20 January 2017

from Lawrence, SUNDAY PhiloMadrid meeting at 6:30pm: Joy

Dear Friends,


This Sunday we are discussing: Joy.

We usually use the word happiness to discuss joy; indeed in most
discussions they are treated as synonyms. Except that a more fine tuned
definition of joy links joy to feelings of great pleasure or happiness,
whilst happiness is defined as a state of being happy (e.g. search both
"define joy" and "define happiness" in Google).
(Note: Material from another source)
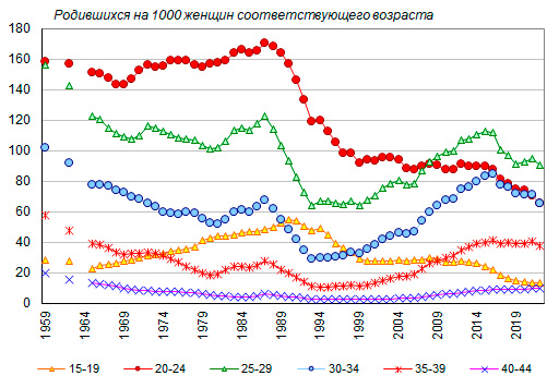 из-за более быстрого снижения рождаемости в возрасте 25-29 лет (до

Whilst these two definitions do not really help us, searching Google to
find out which term is more common in language will equally take us
nowhere. A search for joy will result in approximately twice the number
of appearances in Google than happiness. This is not because joy is a
better term in English than happiness, but rather that the word joy is
much favoured with business establishments and artists; it has a punch
to it that happiness doesn't.

So for those who really want to identify the differences in meaning, we
might argue that joy includes the idea of pleasure, maybe even physical
pleasure such as titillation or eroticism. Happiness is an agreeable
state of mind over time which we would describe ourselves when we are in
this state as "being happy".

From our perspective, I will consider these two questions as more or
less the same: what makes me happy? And what brings me joy? To these
questions we might add: is pleasure the only cause or at least source of
happiness and joy? Must there always be pleasure for there to be
happiness or joy?

This third question is probably more important than the previous two
since pleasure is more associated with physical than metaphysical
phenomena. Very often we say things like "it's a great pleasure to see
you again". However, it sounds a bit odd to say that "I get a lot of
pleasure thinking about the saints in heaven," but not so "I derive a
lot of joy or happiness thinking about the saints."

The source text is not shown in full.